Дальше все пошло гладко. Правда, тетя Зина продолжала плохо себя чувствовать, и мы с ней только два раза гуляли по Невскому (который тогда назывался «проспект 25 Октября»). В музеи она не отваживалась ходить, а одну меня тоже не отпускала — как бы я опять не потерялась.
На второй день после моего приезда мы пошли в гости к сестре дяди Сережи Ларисе Семеновне. Она преподавала литературу в школе для взрослых и жила со своими двумя взрослыми сыновьями (они были где-то в отъезде, и я их не видела), мужем Александром Григорьевичем и его дальней родственницей лет тридцати, Сонечкой, в том же доме, только со стороны набережной. Я была ошеломлена: меня встретили в этой семье так, как нигде раньше не принимали. Я имею в виду не обильное угощение, а то, что меня восприняли как совершенно взрослого человека, как равную. «А вот и наш гость из Москвы! — воскликнули они, как только мы вошли. — Рассказывайте, что там нового в столице!» Напрасно я ловила слухом, нет ли оттенка иронии в их словах, — это была сплошная благожелательность.
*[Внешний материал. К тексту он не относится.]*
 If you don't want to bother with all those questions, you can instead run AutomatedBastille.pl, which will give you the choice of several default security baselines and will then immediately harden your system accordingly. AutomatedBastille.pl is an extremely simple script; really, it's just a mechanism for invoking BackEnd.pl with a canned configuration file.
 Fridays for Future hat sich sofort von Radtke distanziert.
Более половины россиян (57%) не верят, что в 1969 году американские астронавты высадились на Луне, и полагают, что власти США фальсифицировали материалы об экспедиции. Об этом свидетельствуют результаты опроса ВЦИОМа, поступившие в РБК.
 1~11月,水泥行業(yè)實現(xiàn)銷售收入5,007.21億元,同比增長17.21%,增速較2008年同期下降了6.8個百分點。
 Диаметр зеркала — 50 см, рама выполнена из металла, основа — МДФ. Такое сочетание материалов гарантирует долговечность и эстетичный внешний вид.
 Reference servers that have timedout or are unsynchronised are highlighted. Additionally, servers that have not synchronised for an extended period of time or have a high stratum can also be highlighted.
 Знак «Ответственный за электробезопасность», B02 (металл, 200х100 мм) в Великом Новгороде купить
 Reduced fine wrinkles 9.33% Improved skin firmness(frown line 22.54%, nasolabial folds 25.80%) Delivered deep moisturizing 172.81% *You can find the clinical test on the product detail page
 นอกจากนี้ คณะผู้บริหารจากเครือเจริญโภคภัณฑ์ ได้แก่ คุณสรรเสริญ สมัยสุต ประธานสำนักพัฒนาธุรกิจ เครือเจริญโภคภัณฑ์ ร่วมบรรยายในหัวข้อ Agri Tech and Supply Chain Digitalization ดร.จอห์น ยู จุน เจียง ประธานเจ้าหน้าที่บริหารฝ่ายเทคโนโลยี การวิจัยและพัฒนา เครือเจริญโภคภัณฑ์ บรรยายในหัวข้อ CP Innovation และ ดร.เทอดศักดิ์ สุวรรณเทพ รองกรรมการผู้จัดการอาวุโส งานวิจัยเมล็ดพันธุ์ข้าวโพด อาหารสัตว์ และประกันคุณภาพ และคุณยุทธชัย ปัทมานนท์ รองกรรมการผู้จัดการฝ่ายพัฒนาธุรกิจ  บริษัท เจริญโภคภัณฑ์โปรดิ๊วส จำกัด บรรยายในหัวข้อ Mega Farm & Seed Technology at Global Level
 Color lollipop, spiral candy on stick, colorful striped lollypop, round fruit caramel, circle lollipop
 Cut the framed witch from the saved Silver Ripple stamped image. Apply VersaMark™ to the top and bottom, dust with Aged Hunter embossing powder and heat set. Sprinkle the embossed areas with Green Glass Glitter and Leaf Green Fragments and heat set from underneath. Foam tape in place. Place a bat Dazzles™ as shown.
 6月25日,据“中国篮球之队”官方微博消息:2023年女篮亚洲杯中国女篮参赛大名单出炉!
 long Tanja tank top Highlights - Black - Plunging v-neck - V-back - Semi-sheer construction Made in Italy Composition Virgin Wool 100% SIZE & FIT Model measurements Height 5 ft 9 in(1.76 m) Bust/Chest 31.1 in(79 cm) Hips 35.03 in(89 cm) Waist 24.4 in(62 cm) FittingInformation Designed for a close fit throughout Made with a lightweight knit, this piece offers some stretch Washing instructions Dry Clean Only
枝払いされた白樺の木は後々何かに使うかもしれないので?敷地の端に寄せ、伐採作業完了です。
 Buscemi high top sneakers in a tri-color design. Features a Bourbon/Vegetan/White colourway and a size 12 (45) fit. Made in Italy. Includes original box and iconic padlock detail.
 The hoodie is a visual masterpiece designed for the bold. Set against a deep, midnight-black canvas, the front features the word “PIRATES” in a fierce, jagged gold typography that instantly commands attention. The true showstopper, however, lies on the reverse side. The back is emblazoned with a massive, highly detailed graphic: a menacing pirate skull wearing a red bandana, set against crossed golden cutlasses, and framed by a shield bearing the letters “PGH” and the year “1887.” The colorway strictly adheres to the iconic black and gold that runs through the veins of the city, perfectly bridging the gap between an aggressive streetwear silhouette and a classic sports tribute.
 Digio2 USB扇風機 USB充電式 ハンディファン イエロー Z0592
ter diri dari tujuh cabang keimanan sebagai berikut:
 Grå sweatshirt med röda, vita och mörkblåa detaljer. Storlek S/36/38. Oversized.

Сначала я должна была рассказать, как искала Съездовскую, и все очень смеялись, потом дядя Саша стал за столом задавать мне вопросы вроде «а что в Москве говорят по поводу такой-то статьи в «Правде»?». И я, обычно такая робкая с незнакомыми взрослыми, чувствовала себя как дома, как рыба в воде, словом, легко и непринужденно. Лариса Семеновна была более сдержанна, чем ее муж, но и она мне польстила: за чаем достала из буфета невскрытую коробку конфет и стала угощать меня: «Это у нас было припасено специально для московского гостя. Пожалуйста, не стесняйтесь». Тихая родственница Соня вообще почти все время молчала, только слушала меня и улыбалась. По дороге домой тетя Зина шепнула мне, что уж если скуповатая тетя Леся достала коробку конфет — это верный признак, что я ей понравилась. Ах, если бы дядя Эля и тетя Люба все это видели! Для них я всегда оставалась маленькой девочкой где-то на заднем плане, ко мне почти вовсе не обращались, и у них в гостях я только молчала.
Помимо этой семьи мы с тетей Зиной были еще в гостях у ее любимой подруги Анеточки на Литейном (тогда — проспекте Володарского). Эта красивая, молодая еще женщина (на семь лет моложе тети Зины) начинала слепнуть. Застав незадолго до этого по возвращении с курорта своего мужа у себя дома в объятиях своей близкой приятельницы, она перенесла нервное потрясение, которое сказалось на ее глазах — начал атрофироваться глазной нерв. И пышные волосы ее стали совершенно седыми. Но лицо у нее было молодое и красивое, фигура высокая и статная и голос приятного грудного тембра. С мужем она развелась и жила со своей дочкой Майей, на три года моложе меня. Эта дочка, которой позже чуть вздернутый тонкий нос и прекрасные восточные глаза придавали такую прелесть (люди на улице оглядывались на нее), тогда мне не показалась красивой. Худенькая большеглазая обезьянка, она была очень подвижна: то играла мне на пианино вальс Шуберта, то заводила патефон, то хотела со мной играть, кто больше запомнит подряд имен (Ленин, Пушкин, тетя Зина, Ворошилов, Лемешев, наша кошка… Каждый должен был повторять весь ряд и добавлять еще по одному имени). Я так растерялась в новой обстановке, что все время отвлекалась и кого-нибудь забывала. У Майи была своеобразная манера говорить: быстро-быстро, немного хрипловатым голосом, потом вдруг пауза, и дальше опять быстрые слова, и все время в этом голосе слышалась улыбка. Я потом поймала себя на том, что подражаю ее манере. (Это повторялось всякий раз после общения с ней. У меня вообще долго не было своего стиля, я вечно кому-то подражала, даже в почерке и в движениях, никак не могла найти себя внешне.)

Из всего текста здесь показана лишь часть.